I've successfully changed icons using the procedure described in an another question: Changing or setting a file or folder icon programmatically. Either my sips (or Finder) got broken afterwards or I just zoomed in for the first time (it seems the icon is sharp from ≈100x100 downwards), but, anyway, the icon that sips -i image.png creates is blurry/pixelated:

blurry icon

What I did before the blurrification:

$ cp FIN-2.png FIN-3.png
$ sips -i FIN-3.png

So FIN-2 and FIN-3 are the same. FIN-2 is a 512x512 PNG-file

Furthermore: using sips breaks all further attempts when trying to set a custom icon even with any GUI method and with any file in any folder.

Only cure is to delete ~/Library/Caches/com.apple.finder/ and restart Finder. Then changing icon via GUI (drag&drop, copy&paste) works normally with any file.

Two main questions—and answering to either one probably solves the problem close enough for me:

  1. How can I set an image as an icon programmatically without using sips -i (= sips --addIcon) in the process? (again, refer to the other question for more comprehensive info)
    • Shell (bash) or AppleScript is preferred
    • I could convert the PNG to e.g. ICNS if needed.
  2. Is sips broken? Why/How? Can it be fixed; how? (Or is it the Finder? Or something else?)

2 Answers 2


I think I've found a workaround!

First off, install osxutils bundle which is a bit dated (2005) but nevertheless it works. (see the osxutils contents and man pages)

Prepare the PNG to ICNS—ironically you can use sips. Then use seticon from the osxutils bundle to change the icon:

$ sips -s format icns FIN.png --out FIN.icns
$ seticon -d FIN.icns FIN.png

The seticon also changes the file's attributes, ie. using SetFile -a C isn't necessary.

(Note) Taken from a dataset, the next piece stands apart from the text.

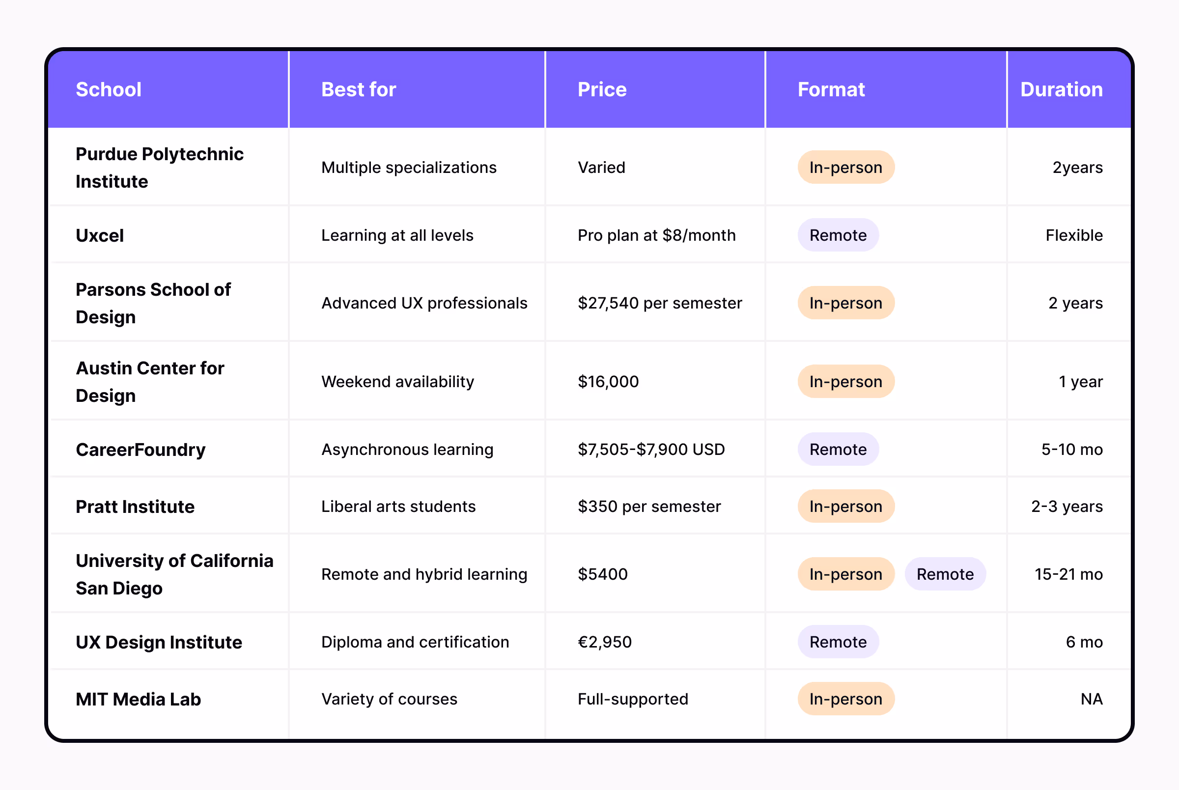 For every school, you'll find all the necessary details about the course(s) to pursue, the learning format, and what kind of UX design students it's ideal for.

†: Using a PNG as a source file for seticon changes the icon to a generic PNG icon, even with -d option. Furthermore, using seticon FIN.icns FIN.png changes the icon to a generic ICNS icon. (Consult the seticon's man pages)

‡: NB: the source file must be a square and possible side-lengths are: 16, 32, 48, 128, 256 and 512.

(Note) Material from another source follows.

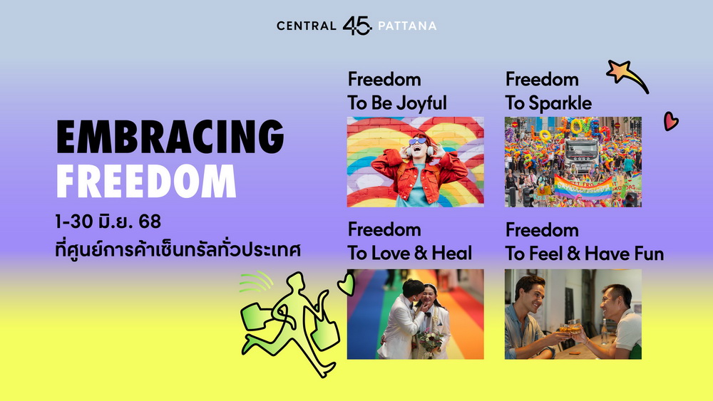ตลอดเดือนมิถุนายน สนุกกับ Inclusive Pride Activities แบบ Gen-tailored ที่ออกแบบตามแต่ละเจนฯ ได้แก่ 1) Freedom to be Joyful: 24 จุดถ่ายรูปสีสันแห่งเสรีภาพ, 9 จุดกิจกรรม ART & PLAY Rainbow เปลี่ยนสีขาวเป็นสีรุ้ง ปลุกพลังสร้างสรรค์และเปิดกว้างทางความคิด 2) Freedom to Sparkle: โชว์สุดตระการตาที่เซ็นทรัล 22 สาขา, Meet & Greet กับศิลปิน Boy Love สุดฮอต ที่เซ็นทรัล อีสต์วิลล์, รามอินทรา และเวสต์วิลล์ และงานวิ่งฉลองความเท่าเทียม Pride Run เซ็นทรัล สุราษฎร์ 3) Freedom to Heart & Heal: ร่วมพูดคุยแลกเปลี่ยนมุมมอง กับ 5 เวทีเสวนา Pride Talk และ แคมเปญ “Beyond the Rainbow’ ชวนแชร์มุมมองใหม่ ถึงอนาคตของโลกที่ Beyond Gender อย่างแท้จริง ผ่าน Sharing บอร์ด 4) Freedom to Feel & Have Fun: Pride Market และ Mini Concerts 10 สาขา, Speed Dating “Soulmate สายรุ้ง” ที่เซ็นทรัลเวิลด์, พัทยา, ภูเก็ต และเชียงใหม่ เพียงลงทะเบียนผ่าน CENTRAL X ใครจะรู้…รักแท้ของคุณอาจรออยู่ที่เซ็นทรัล โหลดแอป CENTRAL X ได้แล้ววันนี้ ผ่าน Apple Store and Google Play Store https://central-x.app.link/O2O-PR-PrideForAll2025
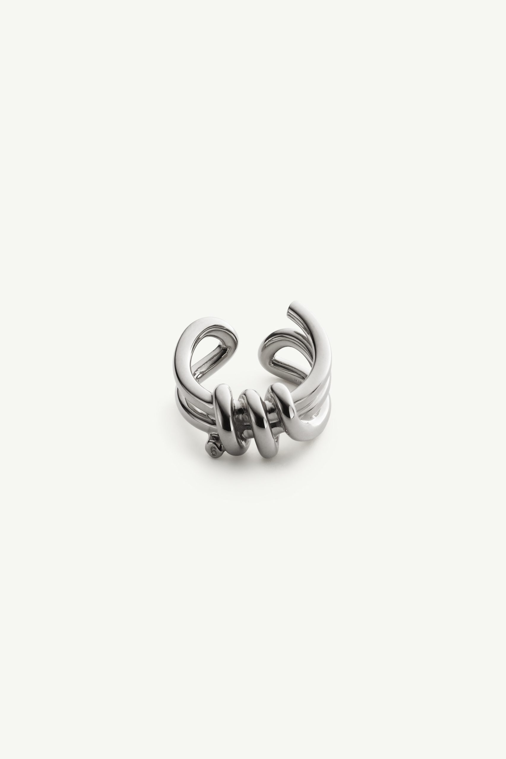 A shoelace reimagined as sculpture. The Knotted Ring translates the everyday tie into a polished gold-tone band, reshaped into loops that echo the gesture of fastening.

Strangely enough the best solution seems to be not to use Apple's own tools but the Python code because it has 3 advantages not being limited by:

  • output file resolution
    (it works till 1024x1024)
  • input file format
    (tried with ICNS and PNG)
  • permissions to install
    (define it as a function)
  • Welcome to Ask Different! I'd recommend taking a look at this answer to a similar question that uses preinstalled utilities but supports features not supported by previous apps. Not sure why it's blurry in this example.
    – JMY1000
    Commented May 20, 2016 at 2:11
  • Maybe I am quite new to this subsite, but not the topic, take a look at stackoverflow.com/a/31150333/1535581. What are the features you refer to? It's blurry because it uses sips -i that seems to be limited at a resolution of 256x256 pixels at the moment.